Not every kind of grammar can import every other kind of grammar:
* Lexer grammars can import lexers.
* Parsers can import parsers.
* Combined grammars can import lexers or parsers.
ANTLR adds imported rules to the end of the rule list in a main lexer grammar. That means lexer rules in the main grammar get precedence over imported rules. For example, if a main grammar defines rule `IF : if ;` and an imported grammar defines rule `ID : [a-z]+ ;` (which also recognizes `if`), the imported `ID` wont hide the main grammars `IF` token definition.
## Tokens Section
The purpose of the `tokens` section is to define token types needed by a grammar for which there is no associated lexical rule. The basic syntax is:
```
tokens { Token1, ..., TokenN }
```
Most of the time, the tokens section is used to define token types needed by actions in the grammar as shown in Section 10.3, [Recognizing Languages whose Keywords Arent Fixed](http://pragprog.com/book/tpantlr2/the-definitive-antlr-4-reference):
```
// explicitly define keyword token types to avoid implicit definition warnings
tokens { BEGIN, END, IF, THEN, WHILE }
@lexer::members { // keywords map used in lexer to assign token types
Map<String,Integer> keywords = new HashMap<String,Integer>() {{
put("begin", KeywordsParser.BEGIN);
put("end", KeywordsParser.END);
...
}};
}
```
The `tokens` section really just defines a set of tokens to add to the overall set.
```
$ cat Tok.g4
grammar Tok;
tokens { A, B, C }
a : X ;
$ antlr4 Tok.g4
warning(125): Tok.g4:3:4: implicit definition of token X in parser
$ cat Tok.tokens
A=1
B=2
C=3
X=4
```
## Actions at the Grammar Level
Currently there are only two defined named actions (for the Java target) used outside of grammar rules: `header` and `members`. The former injects code into the generated recognizer class file, before the recognizer class definition, and the latter injects code into the recognizer class definition, as fields and methods.

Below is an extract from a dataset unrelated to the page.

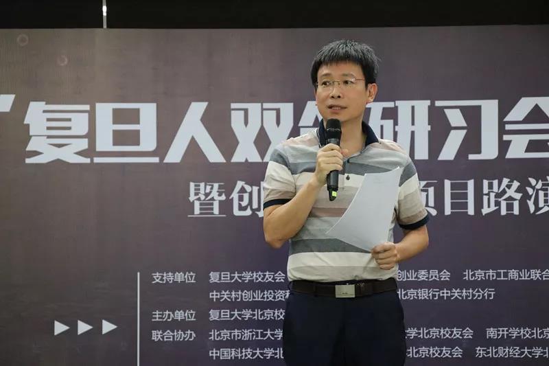 中关村创业投资和股权投资基金协会曹毅秘书长随后讲话,对复旦北京校友会此举予以充分肯定,并表示协会将继续大力支持今后的活动。同时感谢大家对中关村区域的肯定,希望大家可以在中关村有好的发展。北京银行中关村分行行长助理谢强华作为场地赞助方代表,他表示,北京银行作为本地银行,可以更好地为创业企业服务。洪泰基金创始人、洪泰资本控股董事长、南开大学北京校友会会长盛希泰专程赶来发表主题演讲,分享了自己对创业环境的观察和创业的感悟。他表示,人生处处有机遇,要勇于探索,勇于发现。北京市浙江大学校友会副会长项洪斌代表兄弟校友会讲话,积极回应复旦校友会的倡议,“一个人走得快,一群人走得远”,各兄弟校友会将携手,共建共享创业投资对接平台,服务广大创业者,尤其是高知识人群的创业,助力高校校友高质量双创。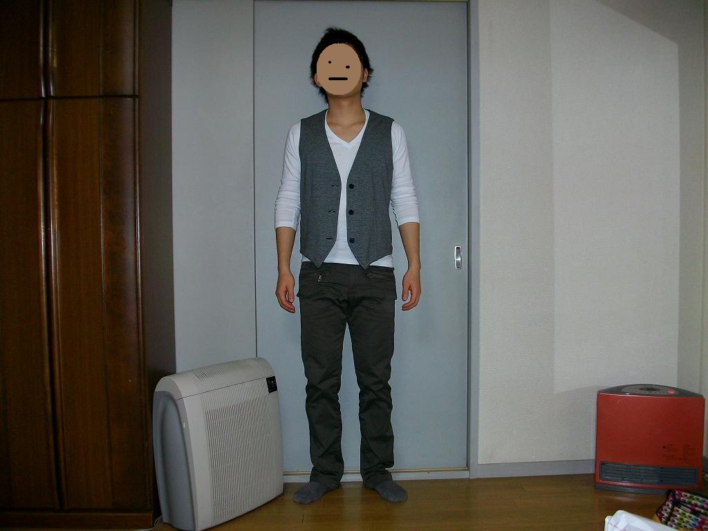 ボトムスはストレッチデザインスタイルアップパンツのオリーブ。

For combined grammars, ANTLR injects the actions into both the parser and the lexer. To restrict an action to the generated parser or lexer, use `@parser::name` or `@lexer::name`.
Heres an example where the grammar specifies a package for the generated code:
```
grammar Count;
@header {
package foo;
}
@members {
int count = 0;
}
list
@after {System.out.println(count+" ints");}
: INT {count++;} (',' INT {count++;} )*
;
INT : [0-9]+ ;
WS : [ \r\t\n]+ -> skip ;
```
The grammar itself then should be in directory `foo` so that ANTLR generates code in that same `foo` directory (at least when not using the `-o` ANTLR tool option):
```
$ cd foo
$ antlr4 Count.g4 # generates code in the current directory (foo)
$ ls
Count.g4 CountLexer.java CountParser.java
Count.tokens CountLexer.tokens
CountBaseListener.java CountListener.java
$ javac *.java
$ cd ..
$ grun foo.Count list
=> 9, 10, 11
=> EOF
<= 3 ints
```
The Java compiler expects classes in package `foo` to be in directory `foo`.